At such times Dan was glad he had rigged his sprocket wheel so that he could raise her. The motor raced, but the moment the runners connected with the ice again, Dan drove the wheel down and the added impetus of the whirling claws aided in the speed of the boat.
Billy hung to the end of the crossbeam and laughed back at the other boats. He could afford to. Even Barry Spink’s wonderful craft was being left behind. Before they passed the end of Island Number One, the Follow Me was a mile and more in the lead.
And the boys kept this lead for the entire distance to Karnac Lake. When they turned the stake and started to beat back, the pace was more moderate. But here was where Dan’s invention “made good.”
The wind was against them. To tack from side to side of the river as the sailboats did was to lose precious time. They furled the sail, unstepped the mast, and speeded up the engines of the Follow Me.
The machinery worked splendidly. Sometimes, when there was a catspaw of good wind, one or another of the other contestants would get somewhere near Dan and Billy; but the moment the wind shifted, or died down, the motor iceboat scurried ahead.
They never saw Spink’s boat after passing her at Karnac Lake. Mr. Darringford’s Betty B. clung to the Follow Me for a long while; but finally she fell back. The boys were far, far ahead when they came down to the Long Bridge again.
In spite of the extreme cold, there was a goodly crowd to greet them. The Academy boys and girls “rooted” loudly for the brothers and their craft. The Follow Me slid under the bridge and so down to the starting point amid the plaudits of half of Riverdale and, as Billy said, “a good sprinkling of the rest of the county.”
Mr. Darringford, when he came in, a poor second, wanted to make a thorough examination of Dan’s invention, and the boys were glad to have him do so. He at once advised Dan to cover his ingenious work with a patent, and helped the boy do this at once.

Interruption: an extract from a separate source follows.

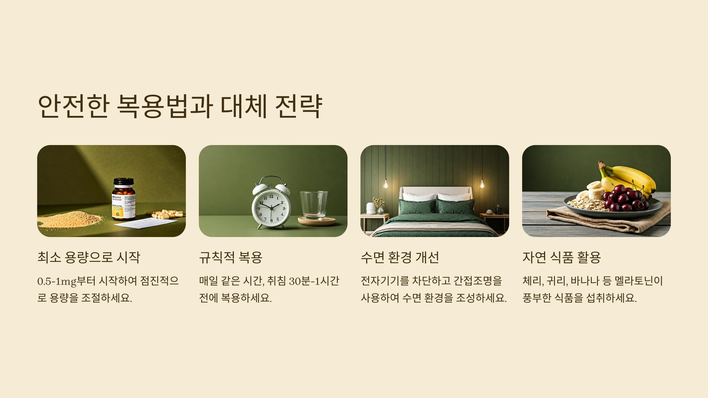 멜라토닌을 장기적으로 안전하게 복용하려면 다음과 같은 원칙을 지켜야 해요. 더불어 반드시 멜라토닌이 아니어도 수면 환경 개선을 통해 효과를 얻을 수 있습니다.

“For people are bound to see and steal your idea,” said the gentleman, convinced that young Speedwell was quite a genius in mechanics.
“Huh! they’ve done that already – but it didn’t help ’em much,” scoffed Billy.
“You mean that Spink and his foreigner?” asked Mr. Darringford, with a queer little smile.
“Yes. He stole those plans from Dan.”
Mr. Darringford looked at the older Speedwell and smiled again. “I guess you saw what he did?” he said. “I can see that he tried to steal your idea; but he seems to have got it hind-end foremost – eh?”
“That’s what I noticed,” laughed Dan. “So I wasn’t much afraid of his beating us out.”
The story of what Barry Spink had done, and how he had overreached himself, leaked out, and the boys and girls of Riverdale fairly laughed the fellow out of town. Barry never entered the Riverdale Academy; but Bert Biggin did.
And Bert proved himself to be a pretty smart fellow, despite the nickname of “Dummy” that had clung to him for so many years.
That winter on the Colasha may never be repeated; but while the ice lasted, Dan and Billy, with their friends, managed to enjoy every hour they could get upon the frozen surface of the stream.
And none of those who bore a part in the incident will forget how they were lost in the great blizzard.